Balaitous

About

Editors:

simon.j

LuukBoulogne

Contact email:

simon.jegou.ia@gmail.com

Image Version:

59a5ba2f-dce4-4117-bad8-e19f6199e964 — April 8, 2022

Summary

Balaitous is an updated version of the AI-severity model described in Lassau et al., 2021. It has been open sourced on GitHub.

Given an input CT scan, Balaitous outputs a probability for COVID disease and a probability for severe outcome, defined as intubation or death within one month.

It was trained on 2,000 patients from the public STOIC database and achieved the best performance on an hold-out validation dataset of 800 patients during qualification phase of the STOIC-2021 challenge (see leaderboard).

Mechanism

The processing steps of Balaitous are the following :

The scan is resized to a pixel spacing of (1.5mm, 1.5mm, 5mm) and reshaped to a shape of (224, 224, Z)
A lung segmentation mask is obtained using a 2D U-Net (source)
The scan is cropped to the slices containing the lungs
A first feature extractor is applied to get a first vector X_full
The lung mask is applied to the image (only lungs are now visible)
A second feature extractor is applied to get a second vector X_lung
For the severe outcome, 2 logistic regressions are applied to [X_full, age, sex] and [X_lung, age, sex] and the 2 probabilities are averaged
For the covid outcome, 2 logistic regressions are applied to X_full and X_lung and the 2 probabilities are averaged

The first feature extractor is a ViT-L model pretrained on ImageNet-22k using iBOT (source) and finetuned for 35 epochs on 165k CT slices (4k patients from 7 public datasets). The second feature extractor is the same ViT-L model without finetuning. Model weights can be found on Zenodo.

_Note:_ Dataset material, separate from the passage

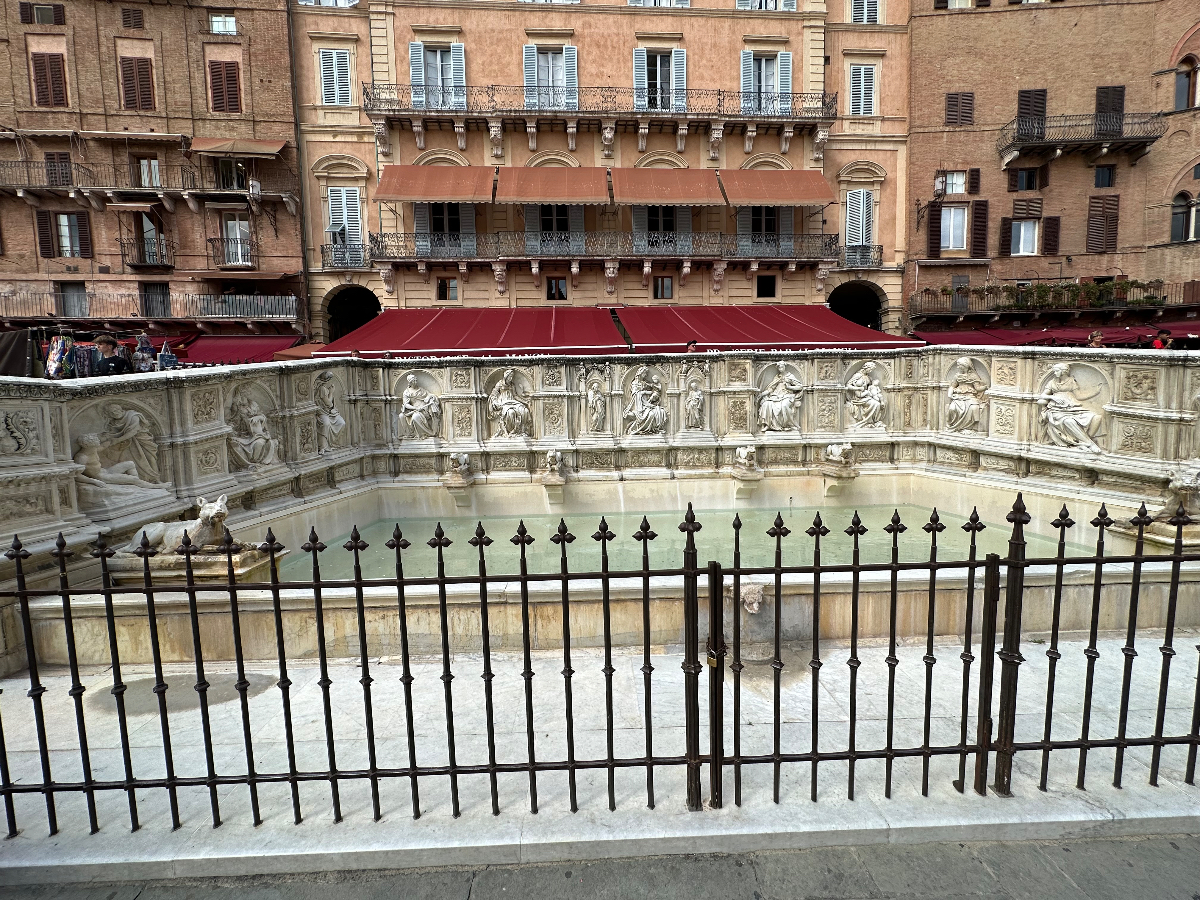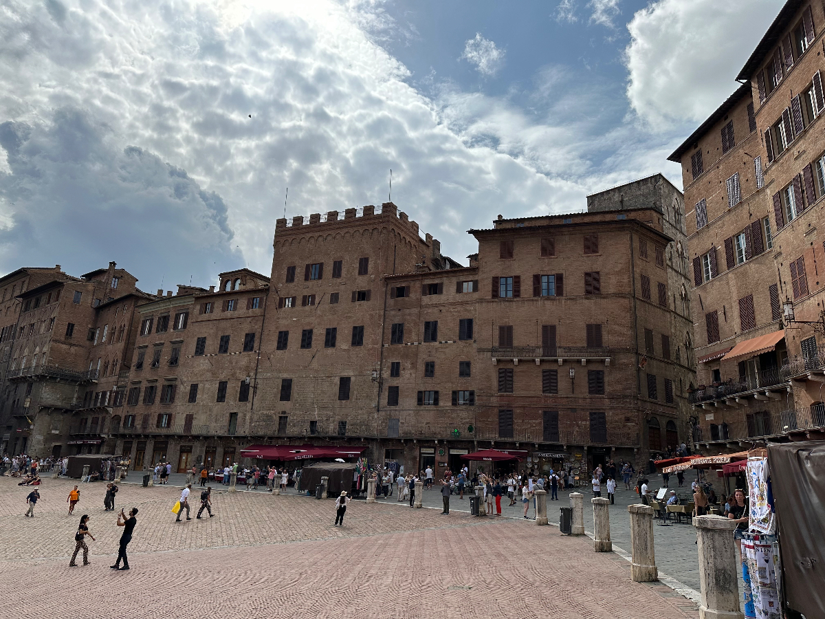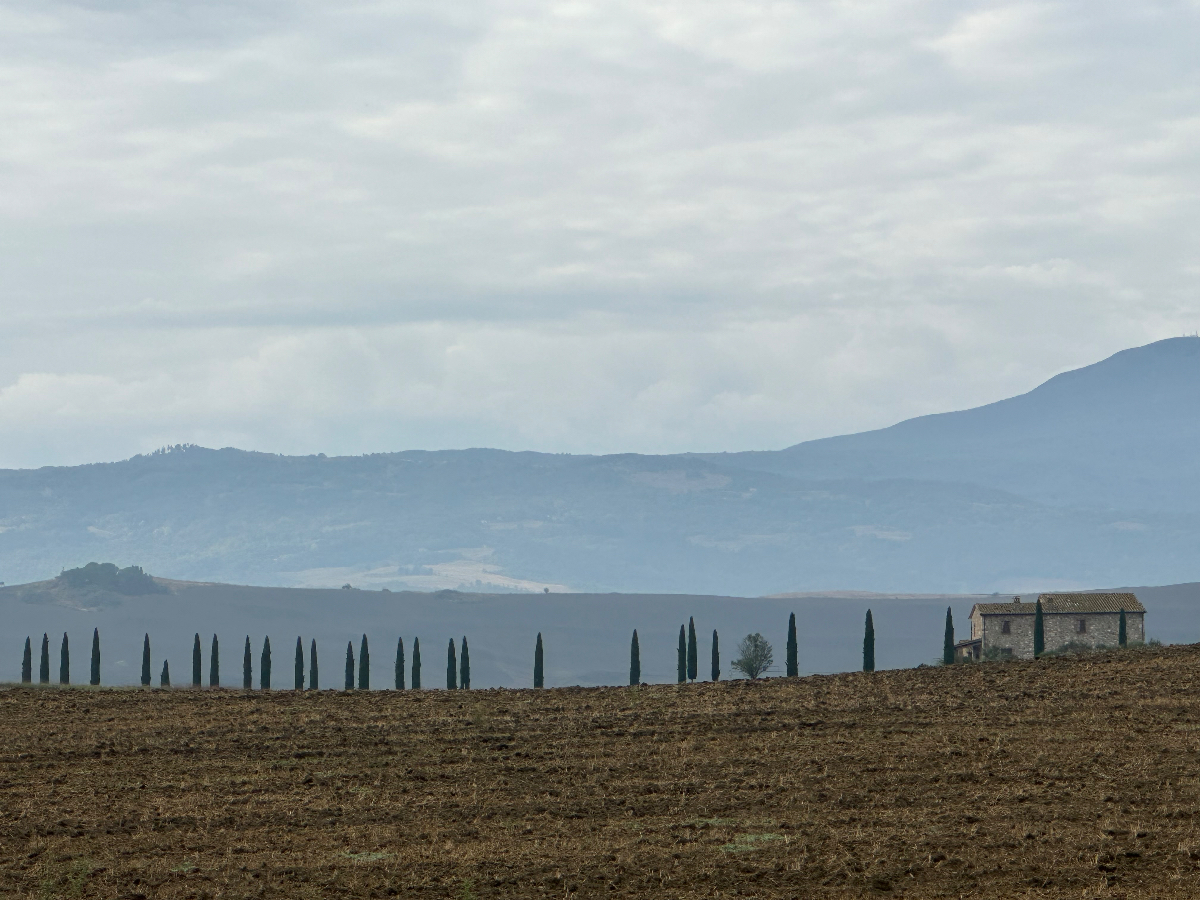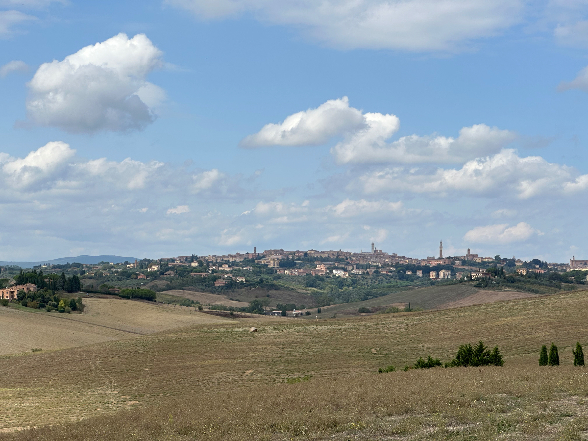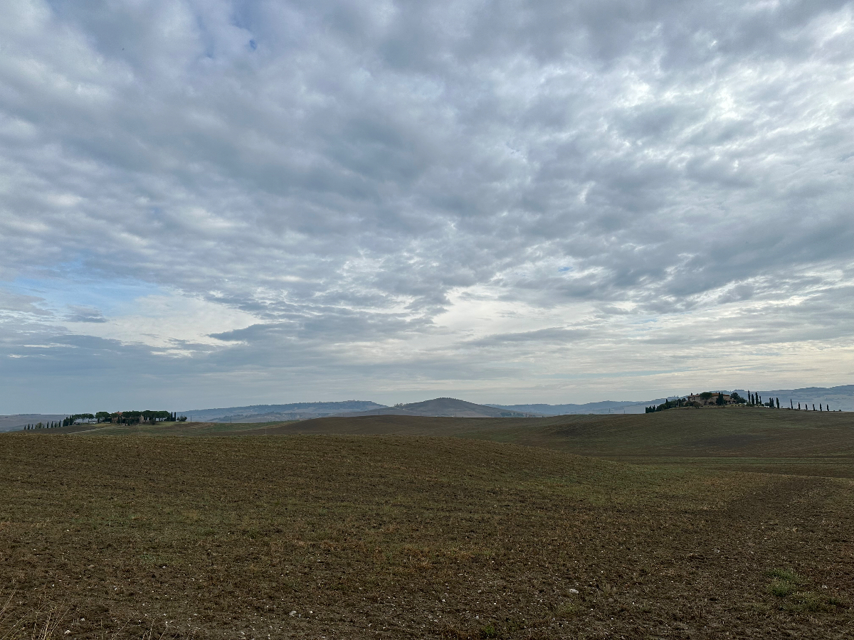 Eigentlich wollte ich kein Wort mehr zu den Betten, speziell den Matratzen verlieren, aber das Bett der letzten Nacht ist es wert, erwähnt zu werden. Kurz gesagt, es war die mit Abstand schlechteste Liegestatt meiner Reise, denn Bett darf man so etwas gar nicht nennen. Eine Art aufklappbares Notbett mit einer Matratze, die sich beim Hinsetzen schon durchbiegt. Beim Hineinlegen macht man gleich ein U, Kopf und Füße oben, der Hintern tief eingesunken, fast Bodenkontakt. Ich konnte das Ende der Nacht in diesem Folterbett kaum erwarten. Zum Frühstück esse ich die vier Mandarinen, die ich gestern hier um 4 Euro gekauft habe. Beim Blick nach Draußen hebt sich meine Laune auch nicht, es regnet und es hat gerad mal 15 Grad. Heute habe ich erstmal zwei Schichten unter der Regenjacke an. Durch das Dorf hinauf, dann geht es aber für zehn Kilometer kurvenreich hinunter ins Tal. Außer einem Pferd, das nach einer Kurve gemächlich die Fahrbahn quert, und vier Rehen am Straßenrand bin ich allein unterwegs. Trotz des schlechten Wetters ist die Schönheit dieser Gegend offensichtlich, trotz Nebel und Nieselregen. Bald erreiche ich die Abzweigung zu Bagni San Filippo, warme Quellen, die zu besuchen mir sehr empfohlen wurde. Danke Sepp für den Tipp, das Wetter hat leider einen Strich durch die Rechnung gemacht. Es geht wieder Hügel rauf und Hügel runter, so viele Fotomotive, wenn es nur schöner wäre…. Bald nieselt es nur noch, aber die Regenjacke vertrage ich wegen der Temperatur trotzdem. Ich muss sogar einmal stehenbleiben, um Socken anzuziehen, so kalt ist mir in den offenen Sandalen, speziell durch den Fahrtwind bei den Abfahrten. Total uncooles Touristenouting, kurze Radlerhose, dazu Sandalen mit Socken, aber der Zweck heiligt die Mittel ;-) Ich werde heute aber sicher noch ins Schwitzen kommen, dann sind die Socken ohnehin wieder weg. Wieder befahre ich den Franziskusweg, mit vielen Pilgern, die mir entgegenkommen. Mit einer Französin unterhalte ich mich kurz, als ich gerade meine Regenhaube vom Helm nehme, es hat aufgehört zu regnen. Sie ist nur wegen der Toskana hierhergekommen und schwärmt in den höchsten Tönen von der Schönheit der Toskana, ich stimme ihr vollkommen zu. Von allem, was ich in Italien schon gesehen habe, gehört mein Herz der Toskana. Besonders dieser Landstrich, durch den ich heute fahre, das Val d`Orcia ist atemberaubend schön. Es ist wie eine Fahrt durch ein Bilderbuch, mit der Erkenntnis, jede neu aufgeschlagene Seite ist noch schöner als die vorangegangene Seite es schon war. Dazu bessert sich auch das Wetter langsam, es kommt immer wieder kurz die Sonne durch. Ich könnte ständig stehenbleiben, um zu fotografieren, aber das ist zu umständlich. Wer sehen möchte was ich sehe, muss ohnehin herkommen, um es selbst zu erleben :-) In Torrenieri, ungefähr zur Hälfte der Strecke, gönne ich mir ein Frühstück. Es ist das erste Mal, dass ich mich mit Englisch nicht verständlich machen kann. Wenn Hemma hören könnte, was ich da auf Italienisch daherstammle …… (Hemma, Du bist eine ganz tolle Lehrerin :-) ich bin ein ganz schlechter Schüler ;-) Aber das Frühstück ist gesichert. Es geht weiter, wie bisher, nur dass der Verkehr jetzt massiv zugenommen hat. Da bin ich immer froh, wenn ich die ss2 mal kurz verlassen kann, um auf einer Schotterpiste Franziskuspilger zu sein. Siena taucht in der Ferne auf. Bevor ich Siena erreiche, muss ich noch eine Bergwertung absolvieren, teils auf Schotterpiste, teils auf Nebenstraßen, immer hinauf, schwitz. Durch ein mächtiges Tor fahre ich in das Zentrum, aber sehr bald muss ich das Rad schieben, es schieben sich maßen von Menschen durch die engen Gassen. Ich lasse das Rad einfach stehen, um ein paar Fotos zu machen. Dann suche ich meinen Weg zum Hotel, der Alternative. Hat alles geklappt, schnell einchecken und dann noch rechtzeitig in eine Trattoria zum Essen, Tortelloni mit Wildschweinragout, danach Tiramisu, dazu passend ein kleines Bier ;-) Das Hotel scheint ganz ok, das Bett fühlt sich hart an, also habe ich für zwei Nächte verlängert. Wäsche waschen steht wieder mal an, genauso wie die Kettenpflege dringend fällig ist, und Siena werde ich auch nochmals besuchen, eine Bushaltestelle habe ich direkt vor dem Hotel, ich freue mich auf diesen Tag off :-))

Only the 4 logistic regressions were trained on the STOIC database, and only COVID positive patients were used to train the 2 logistic regressions for the prediction of severity.

Note : hyper-parameters and feature extractors have been choosen following cross-validation results on the public STOIC database (n=2,000 patients). Using the finetuned iBOT model on the plain image instead of the ImageNet model only brought modest performance gains.

Interfaces

This algorithm implements all of the following input-output combinations:

Inputs Outputs

	Inputs	Outputs
1	CT Image Slug `ct-image` Description Any CT image Kind Image Read from `/input/images/ct/<uuid>.mha` or `/input/images/ct/<uuid>.tif` CT Image	Probability COVID-19 Slug `probability-covid-19` Description Probability of a positive RT-PCR result Kind Float Write to `/output/probability-covid-19.json` Example file Download an example. Example value 42.0 Probability COVID-19 Probability Severe COVID-19 Slug `probability-severe-covid-19` Description Probability of death or intubation at 1-month follow up Kind Float Write to `/output/probability-severe-covid-19.json` Example file Download an example. Example value 42.0 Probability Severe COVID-19

Validation and Performance

The ROC-AUC performances (in %) of Balaitous are:

	AUC severity	AUC covid
Training - X_full	79.01 +- 2.63	80.65 +- 2.16
Training - X_lung	79.00 +- 3.30	82.63 +- 1.99
Training	80.36 +- 2.80	82.98 +- 2.01
Validation	80.44	83.22

There were n=2,000 patients in the training dataset (n=1,205 COVID positive) and around n=800 patients in the validation dataset.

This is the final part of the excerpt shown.